Since 1972, votes and issues that were controversial could not be made on a majority basis in Northern Ireland. Yet here is one of the most controversial votes that the Northern Ireland Assembly will be involved in, and the Government, at the behest or demand of the Irish Republic and the EU, set aside the requirement for cross-community support in that vote. So the Minister is today proposing a motion that affirms
“the importance of upholding the Belfast…Agreement”,
knowing full well that he has agreed to and defended, and will continue to put in place, arrangements that undermine the very principle of consent for a most controversial issue, on which a vote will take place at the end of this year. So when we address His Majesty and say that we are affirming the Belfast agreement, we have to look at the way we have dispensed with its central provision in the past and the way we are going to remove the ability to use the consent principle in the future on one of the most controversial issues.
Secondly, the Humble Address acknowledges
“the foundational importance of the Acts of Union”.

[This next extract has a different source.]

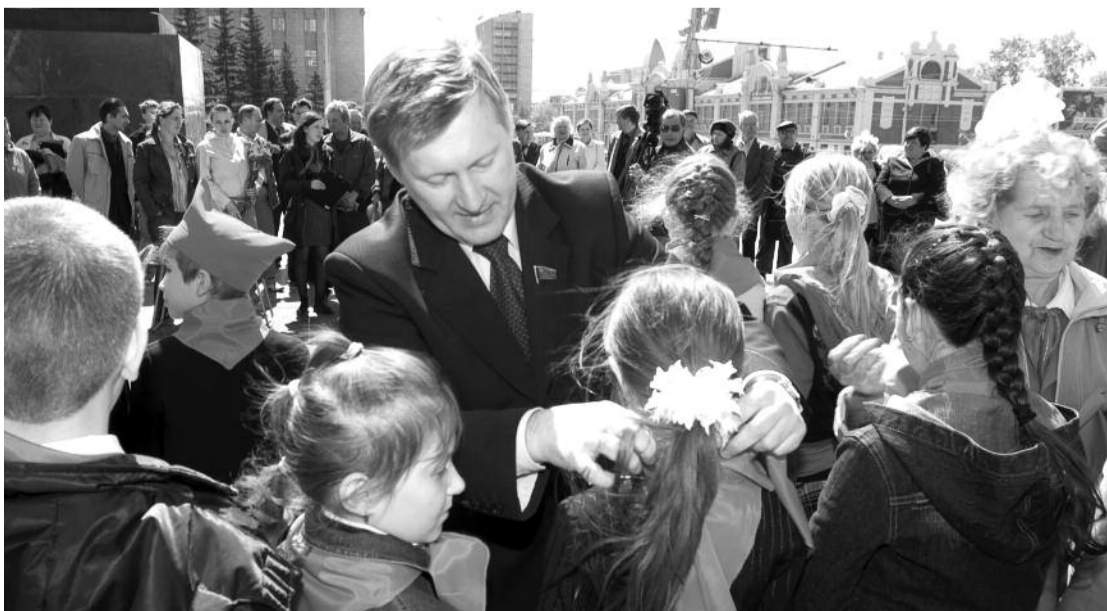
● НА ФОТО: ПРИЕМ В ПИОНЕРЫ 19 МАЯ 2009 ГОДА НА ПЛОЩАДИ ЛЕНИНА

I find it strange that it acknowledges not just the Acts of Union but their “foundational importance”, because in the court case taken against the Northern Ireland protocol, the Government’s lawyers said that when the House voted for the withdrawal agreement, we had implied the disapplication of article VI of the Act of Union. The courts ruled that article VI, which contains the foundational economic rights, had been suspended, and they have not been unsuspended. Why were they suspended? It was because, as a result of the EU being given the say to make laws in respect of Northern Ireland, there had to be some impediments to trade between GB and Northern Ireland.
The shadow spokesman talked about how even under the Act of Union there were impediments to trade, and he is right. However, there is one fundamental difference: those impediments were put in place and were decided upon by Administrations within the UK, because they saw that an advantage was created. The difference now is that the Act of Union and its foundational economic rights have been suspended because the EU demands that that is the case. Now, as Northern Ireland is part of the single market, the EU requires certain restrictions and checks to be put in place. A further irony is that those restrictions in place, even with the new arrangements, are far more intrusive and far more difficult hurdles to overcome when it comes to trade between GB and Northern Ireland than they would be for trade between France and GB or Germany and GB. That is what has put so many people off trading with Northern Ireland. The Government are now going to say to them all that they should come back to the Northern Ireland market—the shadow spokesman talked about the way in which trade had been diverted—but that is a conscious decision that firms have made because of the difficulties in bringing goods into Northern Ireland from GB.